P1: Graph Wrangling in Jupyter
- Due Apr 11, 2017 by 11:59pm
- Points 10
- Submitting a file upload
- File Types html and pdf
Setup
Install Jupyter Notebook (http://jupyter.readthedocs.io/en/latest/install.html Links to an external site.).
Install Graphviz (http://www.graphviz.org/ Links to an external site.).
Instructions
Create a Jupyter notebook that wrangles the county adjacency dataset into the DOT graph description language. Use the "fdp" (force-directed layout) tool from Graphviz to render an image file, and then display it in your notebook.
Rather than showing a graph of the counties found within the state of California (as in the example data wrangling notebook showed in the first lecture: Counties.html Download Counties.html), show the graph at the level of states and territories. Note that this dataset includes information for territories like Puerto Rico and American Samoa, so you should expect more than 50 nodes in your graph.
What counts as a state or territory? For the purposes of this task, it counts if it has a two-letter code (e.g., "AK" for Alaska and "GU" for Guam).
Grading criteria
[1pt] A Notebook (html or pdf exported version) is turned in displaying at least some Python code execution.
[1pt] Some Markdown cells are used to give structure to the notebook. At least one text cell at the top of the notebook should describe the purpose of the notebook.
[1pt] One cell shows a preview of the raw dataset (e.g., using the "head" command).
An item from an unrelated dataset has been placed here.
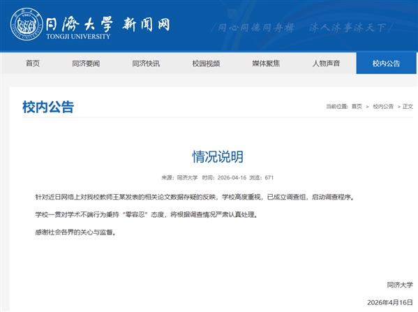 4月16日,同济大学官网发布情况说明,称针对近日网络上对该校教师王某发表的相关论文数据存疑的反映,学校高度重视,已成立调查组,启动调查程序。学校一贯对学术不端行为秉持“零容忍”态度,将根据调查情况严肃认真处理。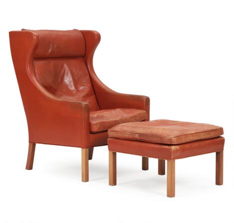 2545/983Børge Mogensen: Wingback chair and stool with mahogany legs, upholstered with red brownish leather. (2)

[2pts] Some Python code wrangles the dataset into a dot-language graph description file.
[1pt] Some Python code directly displays the number of unique states and territories that will be shown in the graph.
[1pt] One cell shows a preview of the dot file.
[1pt] The fdp layout engine is used to render an image.
[1pt] The image is displayed within the notebook.
[1pt] The node for the state of California is highlighted in some way (such as changing the size, shape, or color of the node using node attributes in the dot language).